William S. Cleveland (Bill) received a B.A. in math from Princeton; his thesis advisor was Willy Feller, a famous probabilist. He received a PhD in Statistics from Yale; his advisor was Leonard Jimmie Savage who had resurrected Bayesian statistics by proving it was the optimal approach to statistical decision making. Manny Parzen and Marvin Zelen invited Bill to spend a summer at the
Statistics Department of SUNY at Buffalo. Bill then moved on to the Statistics Department at Bell Labs in 1971. There, he had much contact with John Tukey, who revolutionized statistics by developing and injecting into the field:
analytic methods defined algorithmically, what today we call machine learning; exploratory data analysis and data visualization; and computational methods and systems for data analysis. Bill embraced Tukey’s ideas. In 1999, in a talk at the ISI 52nd ISI Session, and in 2001 in a paper in the ISI Review, Bill advocated an action plan that would add algorithms, data exploration, and computing with data to the field of statistics, and named it “data science”, defining the term as it is used today. Bill also carried out significant work on these additions. In data visualization he published many papers, and wrote two books, The Elements of Graphing Data and Visualizing Data, now classics, and started the new field of graphical perception. He developed the widely used machine learning non-parametric methods loess and stl. In 2004, Bill became the Shanti S. Gupta Distinguished Professor of Statistics at Purdue University. Bill and graduate student Saptarshi Guha developed the Divide and Recombine statistical approach to big data, and implemented it by the RHIPE
software: R and Hadoop Integrated Programming Environment (RHIPE).

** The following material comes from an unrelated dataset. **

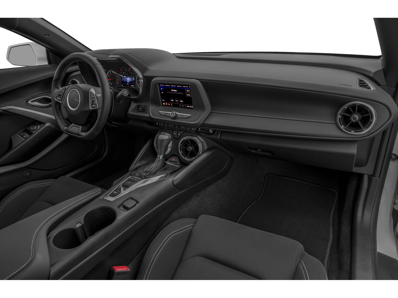 2.77 Rear Axle Ratio, 4-Wheel Disc Brakes, 6 Speakers, 6-Speaker Audio System Feature, 6-Way Power Front Passenger Seat Adjuster, 8-Way Power Driver Seat Adjuster, ABS Brakes, Air Conditioning, Alloy Wheels, AM/FM radio: SiriusXM, Apple CarPlay / Android Auto, Automatic temperature control, Bluetooth® For Phone, Body-Color Painted Splash Guards (LPO), Bose Premium 9-Speaker Audio System Feature, Brake Assist, Bumpers: body-color, Cargo Net, Cloth Seats, Compass, Dark Tint LED Tail Lamps, Decklid-Mounted Lip Spoiler, Delay-off Headlights, Driver door bin, Driver vanity mirror, Dual Front Impact Airbags, Dual Front Side Impact Airbags, Dual Mode Exhaust, Electronic Stability Control, Exterior Parking Camera Rear, Four wheel independent suspension, Front Anti-Roll Bar, Front Bucket Seats, Front Center Armrest, Front License Plate Bracket, Front reading lights, Fully Automatic Headlights, Heated Front Sport Bucket Seats, Illuminated Entry, Knee airbag, Leather Shift Knob, Low Tire Pressure Warning, Occupant sensing airbag, Overhead airbag, Paddle-Shift Manual Controls, Panic alarm, Passenger door bin, Passenger vanity mirror, Power Door Mirrors, Power Driver Seat, Power Passenger Seat, Power Steering, Power Windows, Preferred Equipment Group LT1, Premium audio system: Chevrolet Infotainment System, Radio data system, Radio: Chevrolet Infotainment 3 Plus System, Radio: Chevrolet Infotainment 3 System, Rear Anti-Roll Bar, Rear window defroster, Remote Keyless Entry, Remote Vehicle Starter System, RS Package, Security system, SiriusXM Radio, SiriusXM w/360L, Speed control, Speed-sensing steering, Steering Wheel Mounted Audio Controls, Tachometer, Technology Package, Telescoping steering wheel, Tilt steering wheel, Traction Control, Trip computer, Variably intermittent wipers, Voltmeter, Wheels: 20 Silver-Painted Aluminum.
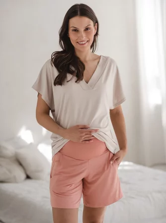 Bambusowe spodnie od piżamy ciążowej Moon krótkie herbaciana róża

AWARDS: 2020, Honorary Doctorate from Hasselt University, Belgium; 2016, The Lifetime Achievement Award for Graphics and Computing from the American Statistical Association; 2016 Parzen Prize from Texas A&M University, given every two years since 1994 to a “statistician whose outstanding research contributions include innovations that have had impact on practice”; 2002 Highly Cited Researcher from the American Society for Information Science and Technology; 1996, Statistician of the Year from the Chicago Chapter of the ASA; Three prizes for papers in the journal Technometrics: Youden Prize twice, and the Wilcoxon Prize once. Bill is a Fellow of the American Statistical Association, the Institute of Mathematical Statistics, and the American Association of the Advancement of Science, and is an Elected Member of the International Statistical Institute. Currently, Google Scholar shows 46,993 citations to his work.